Task instructions >>
Using the listing below, retype exactly the lines starting at the one with "看完了朝天门我们转战下一个重" and ending at the one with "開場飛飛露娜搶符被BB三人逮", and include both.
═════ Data for this exercise ═════
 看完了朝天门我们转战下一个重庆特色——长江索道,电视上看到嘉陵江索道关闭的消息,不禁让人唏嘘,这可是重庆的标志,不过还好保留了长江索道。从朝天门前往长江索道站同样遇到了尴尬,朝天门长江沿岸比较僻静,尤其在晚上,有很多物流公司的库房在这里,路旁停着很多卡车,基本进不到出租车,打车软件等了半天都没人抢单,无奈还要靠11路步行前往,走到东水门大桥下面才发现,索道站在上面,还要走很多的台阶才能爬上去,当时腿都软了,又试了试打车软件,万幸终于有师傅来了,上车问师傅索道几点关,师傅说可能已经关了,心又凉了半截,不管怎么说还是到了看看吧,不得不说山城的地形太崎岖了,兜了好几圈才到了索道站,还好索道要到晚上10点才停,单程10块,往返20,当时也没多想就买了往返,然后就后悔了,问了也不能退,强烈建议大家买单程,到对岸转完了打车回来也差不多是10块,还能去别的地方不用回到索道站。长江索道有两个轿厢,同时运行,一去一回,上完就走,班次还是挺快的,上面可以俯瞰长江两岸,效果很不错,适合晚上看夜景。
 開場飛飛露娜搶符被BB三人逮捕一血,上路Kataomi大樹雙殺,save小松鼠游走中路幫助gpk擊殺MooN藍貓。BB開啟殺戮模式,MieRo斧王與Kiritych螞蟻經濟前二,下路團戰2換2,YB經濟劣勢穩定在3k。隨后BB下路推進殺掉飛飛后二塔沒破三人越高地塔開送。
═════
═════ Data for this exercise ═════
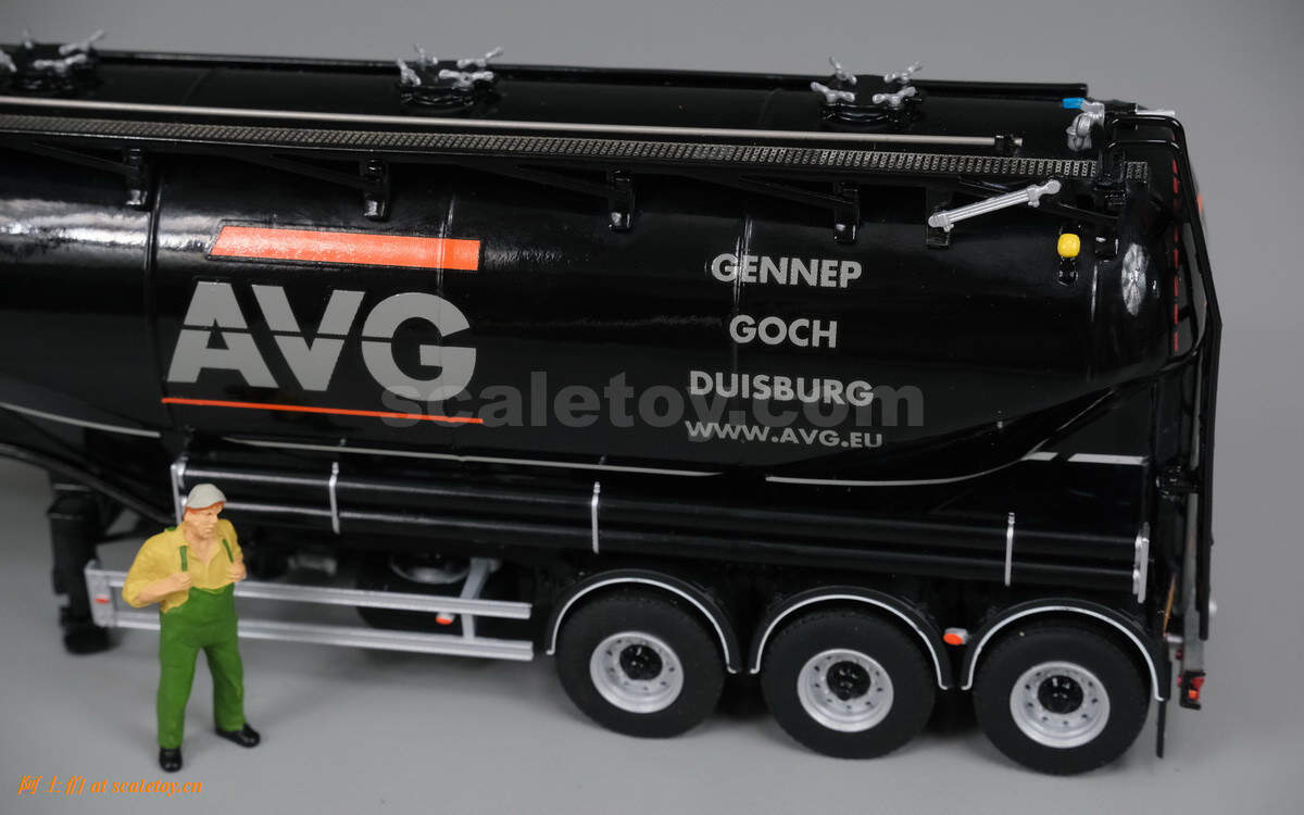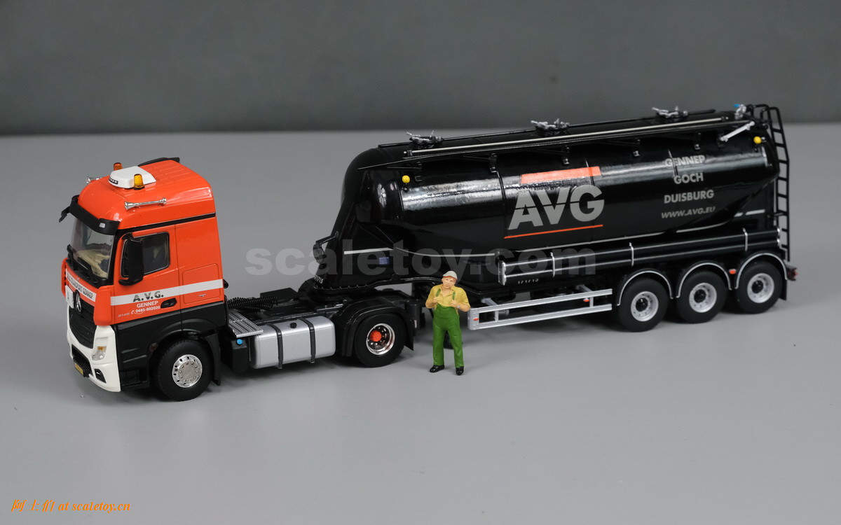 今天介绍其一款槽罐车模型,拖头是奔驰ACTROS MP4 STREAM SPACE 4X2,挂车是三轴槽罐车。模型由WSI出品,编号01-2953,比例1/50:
═════
═════ Data for this exercise ═════
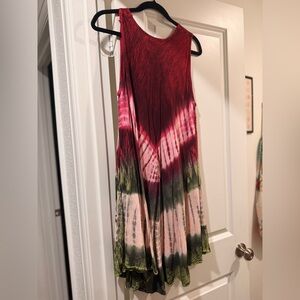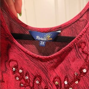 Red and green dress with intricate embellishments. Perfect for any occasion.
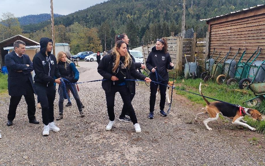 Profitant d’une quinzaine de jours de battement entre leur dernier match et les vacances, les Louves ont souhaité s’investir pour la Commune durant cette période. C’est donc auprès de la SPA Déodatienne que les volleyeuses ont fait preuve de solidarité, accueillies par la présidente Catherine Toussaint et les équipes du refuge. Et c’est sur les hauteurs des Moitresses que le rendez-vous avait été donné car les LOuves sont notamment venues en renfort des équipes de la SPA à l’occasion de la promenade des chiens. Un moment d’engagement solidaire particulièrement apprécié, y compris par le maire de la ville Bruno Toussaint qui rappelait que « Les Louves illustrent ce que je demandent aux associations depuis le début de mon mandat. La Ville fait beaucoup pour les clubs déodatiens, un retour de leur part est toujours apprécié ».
═════
Output for this task >>
 看完了朝天门我们转战下一个重庆特色——长江索道,电视上看到嘉陵江索道关闭的消息,不禁让人唏嘘,这可是重庆的标志,不过还好保留了长江索道。从朝天门前往长江索道站同样遇到了尴尬,朝天门长江沿岸比较僻静,尤其在晚上,有很多物流公司的库房在这里,路旁停着很多卡车,基本进不到出租车,打车软件等了半天都没人抢单,无奈还要靠11路步行前往,走到东水门大桥下面才发现,索道站在上面,还要走很多的台阶才能爬上去,当时腿都软了,又试了试打车软件,万幸终于有师傅来了,上车问师傅索道几点关,师傅说可能已经关了,心又凉了半截,不管怎么说还是到了看看吧,不得不说山城的地形太崎岖了,兜了好几圈才到了索道站,还好索道要到晚上10点才停,单程10块,往返20,当时也没多想就买了往返,然后就后悔了,问了也不能退,强烈建议大家买单程,到对岸转完了打车回来也差不多是10块,还能去别的地方不用回到索道站。长江索道有两个轿厢,同时运行,一去一回,上完就走,班次还是挺快的,上面可以俯瞰长江两岸,效果很不错,适合晚上看夜景。
 開場飛飛露娜搶符被BB三人逮捕一血,上路Kataomi大樹雙殺,save小松鼠游走中路幫助gpk擊殺MooN藍貓。BB開啟殺戮模式,MieRo斧王與Kiritych螞蟻經濟前二,下路團戰2換2,YB經濟劣勢穩定在3k。隨后BB下路推進殺掉飛飛后二塔沒破三人越高地塔開送。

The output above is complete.